Рисую тебе свою рожу. Я идиот. Я влюбчивый идиот. Я сволочь. Я тебя никогда не любил.
С Новым счастьем!
Я люблю тебя.
Твой Сивка-Бурка.
НОВЫЙ ГОД САНИ
Ты каморка моя, каморочка.
Торт трехслойный. Бутыль. Хлеба корочка.
Да в углу, у телевизора, — елочка.
Да напротив сердца — швейная иголочка.
Платье-то… на живульку сметано.
На кошачий клубок горе намотано.
А под сердцем — торк, торк… — пихается.
Надо мною в животе — усмехается.
Мол, ты че, мать?.. Свой-то праздник справила,
А меня-то — без отца оставила?..
Гололед, да голь, да голод города!
А вот я — бревно: не чую голода —
Будто я навек наетая-напитая,
Так любовью измочаленная, избитая…
Пригублю коньячку из тонкой рюмочки…
Ворохнется плод… Ох думы мои, думочки,
Пить нельзя — а то б надралась в дымину я
За всю-то жизнь мою — ледяную, длинную!
С Новым Годом, Степка!
А сынок твой в моем брюхе бесится,
На земле меня держит,
не дает… повеситься…
— Куды она побежала, Пань?.. Как оглашенная!..
— Да она ж с нами со всеми не разговаривает. Как воды в рот набрала.
— А животень-та!.. Пацан там у нее зреет.
— Чай, все хорошо, што не девка: все меньше страдать в жизни будет.
БЕГ САНИ К СТЕПАНУ
Скорее. Скорей. Адрес — в кармане.
Клочок бумажки — вот! — чудом цел
Снег — прямо в грудь. Эх, Саня, Саня.
Не глядись в витрины: ты бела как мел.
Вперед! Автобусов вонь тягуча.
Сиплый водитель кричит: “Живей,
Проходим с подножки!..” —
Снежная туча,
Фатой брюхатую бабу обвей…
Скорей! Вот пустыня микрорайона.
Девятиэтажки — винтовками вверх —
Расстреливают небо. И вверх, опаленный
На костре боли — летит яркий смех.
Какой это дом?.. Седьмой?.. Десятый?..
Какой микрорайон?.. Десятый?.. Седьмой?..
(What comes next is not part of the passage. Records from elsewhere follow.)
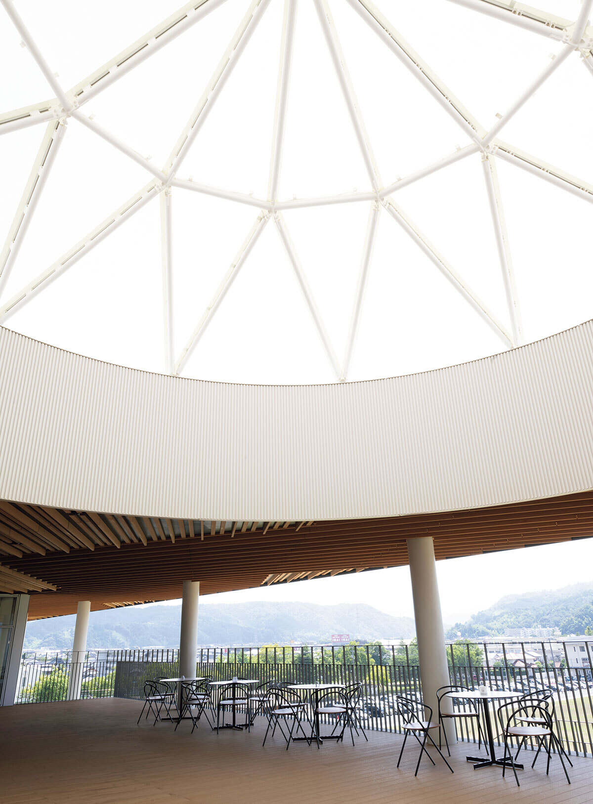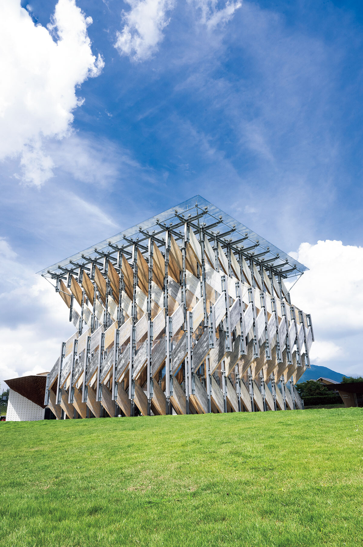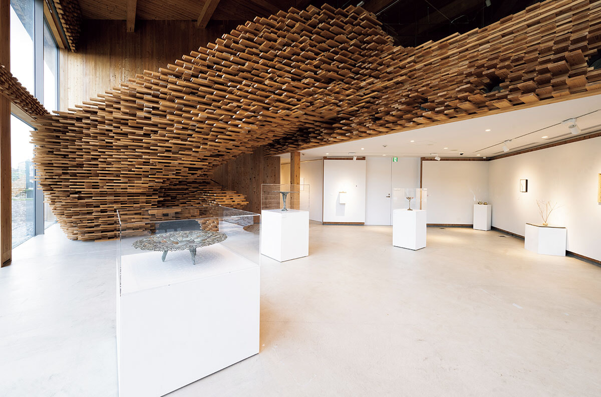 蒜山高原といえば中国地方を代表する避暑地。自然あふれるこの地に、パビリオンやミュージアムなどを擁する施設が登場した。SDGs未来都市認定を受ける真庭市が舵を取り、地元のヒノキやスギを使って隈研吾が設計。パビリオン「風の葉」に入ると風が吹き抜け、ファサードのパネルがはためき、森林の中で葉が舞い上がるような錯覚に。ミュージアムでは年3回ほど展示が入れ替わり、いずれも自然モチーフの作品が並ぶ。自然と一体化した建築とサステナビリティを体感できる、新時代の文化発信地といえる。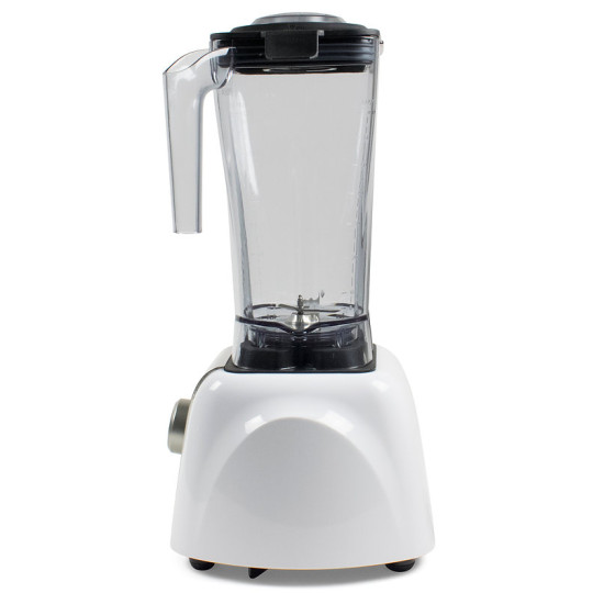 Der følger en 2 liters kande med, som er lavet af gennemsigtig tritan, der er 100% BPA-fri. Kanden er udstyret med en kniv i rustfrit stål af høj kvalitet, som sikrer effektive og cremede blends.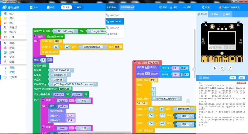 打开mPython软件,在菜单栏切换为“图形模式”下,选择连接设备:串口com20;
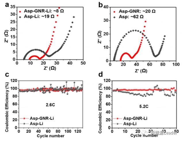 在上述實驗中很重要的一點是TuoWang在多孔碳材料Asp中添加了石墨烯納米帶GNRs材料作為導電劑,以增強Asp材料的導電性,這一點在低倍率(0.65C和1.3C)下并不明顯,但是在較高的倍率下(2.6C圖c,5.2C圖d)就能觀察到較明顯的差距,特別是在5.2C倍率下,僅僅循環(huán)15次左右就能在庫倫效率上觀察到明顯的區(qū)別。通過SEM研究發(fā)現(xiàn),在5.2C大倍率下,沒有添加GNRs的負極材料的表層出現(xiàn)了金屬Li枝晶,而在添加了GNRs的電極上則沒有觀察到這一現(xiàn)象。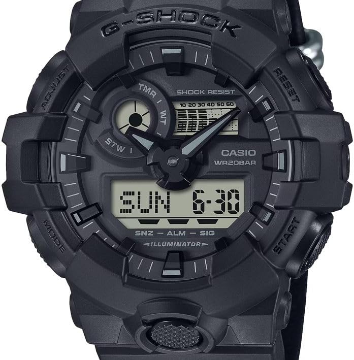 The GA-700BCE-1A by G-SHOCK is a digital-analog watch model, equipped with an eco-friendly Cordura nylon band. In all black tones, this G-SHOCK adds a touch of street-smart utilitarian style to your wrist.

Лифт меж этажами застрял, проклятый.
Как жутко ехать к тебе домой.
Звонок — ожог на пальце зальделом.
Дверь забухла — с петель сорвать!
В двери — в шелках — квадратное тело,
Которому в зубы — лишь семгу совать…
Скулы буфетчицы или торговки.
“Химия” — взбитый кок надо лбом.
Такая — простаков обсчитает ловко
В любой забегаловке, в баре любом…
Губу вздернула вздрогом гадливым:
Мол, что тут за краля?.. Ты, отвали!..
И так притушила черными щетками — синие сливы,
Будто глядела за край земли…
Санька, держись.
За косяки и карнизы.
За воздух. За свой сугробный живот.
Это же парфюмерша из универмага, Раиса.
Это же Раиса, что в бывшей бане — напротив — живет.
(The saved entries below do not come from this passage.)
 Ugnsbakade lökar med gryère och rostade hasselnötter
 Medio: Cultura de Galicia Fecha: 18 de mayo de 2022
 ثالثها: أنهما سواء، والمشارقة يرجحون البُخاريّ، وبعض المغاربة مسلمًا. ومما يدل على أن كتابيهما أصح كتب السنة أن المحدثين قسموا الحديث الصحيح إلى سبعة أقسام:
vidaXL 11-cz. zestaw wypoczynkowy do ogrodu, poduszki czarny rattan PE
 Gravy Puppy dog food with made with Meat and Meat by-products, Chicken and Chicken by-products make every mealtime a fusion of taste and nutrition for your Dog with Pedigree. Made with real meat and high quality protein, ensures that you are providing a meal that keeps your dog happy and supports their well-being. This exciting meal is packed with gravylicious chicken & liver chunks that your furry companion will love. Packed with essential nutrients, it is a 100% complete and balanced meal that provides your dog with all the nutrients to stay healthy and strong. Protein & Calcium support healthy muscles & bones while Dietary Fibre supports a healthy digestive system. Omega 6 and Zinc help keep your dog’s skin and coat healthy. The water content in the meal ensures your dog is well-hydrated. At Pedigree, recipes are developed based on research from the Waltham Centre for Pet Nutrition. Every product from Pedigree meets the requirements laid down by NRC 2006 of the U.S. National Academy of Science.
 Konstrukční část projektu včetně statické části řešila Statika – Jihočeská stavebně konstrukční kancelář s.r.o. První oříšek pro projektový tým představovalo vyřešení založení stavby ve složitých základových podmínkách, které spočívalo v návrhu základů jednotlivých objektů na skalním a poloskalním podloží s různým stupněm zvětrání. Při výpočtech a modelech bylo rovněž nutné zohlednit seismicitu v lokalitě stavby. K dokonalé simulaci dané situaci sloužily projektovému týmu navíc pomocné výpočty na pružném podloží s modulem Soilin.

Держись, Санька. Что она брешет?.. Не слушай.
Губы намазаны, шевелятся… Орет…
Держусь. Держусь за свою гнутую-битую душу.
Рукою — за беззвучно орущий свой рот.
Держусь! Плавай, жирная, пред Степкой в китайском халате.
Жарь ему — под завязки чтоб ел! — голубцы.
А он-то все равно передо мной не в накладе,
Пусть над нами и не вознесли златые венцы!..
Что орешь, Раиса?.. Не слышу… Ты вся — из блуда,
Из польской помады, из пошлых прищуров,
из французских теней…
Уши заложило… Темно… Мне худо,
Спасите. Тошнит. Пред глазами — море огней.
Огни полыхают… мрак!..
Спасите, мне худо…
Райка, парфюмерша, сволочь, не хватай меня руками,
пусти…
Степка, ты где… Тошнит… Я любить тебя буду,
Даже если Райка…
Тошнит… Темнота…
Прости…
— Раиска!.. Колода. Ты неправа. Надо было “Скорую” вызвать!
— Вон какая забота. Ну, иди, беги, догоняй.
— Райка. Стерва. Да ведь она — скинуть может.
— Ах, папашка сердобольный.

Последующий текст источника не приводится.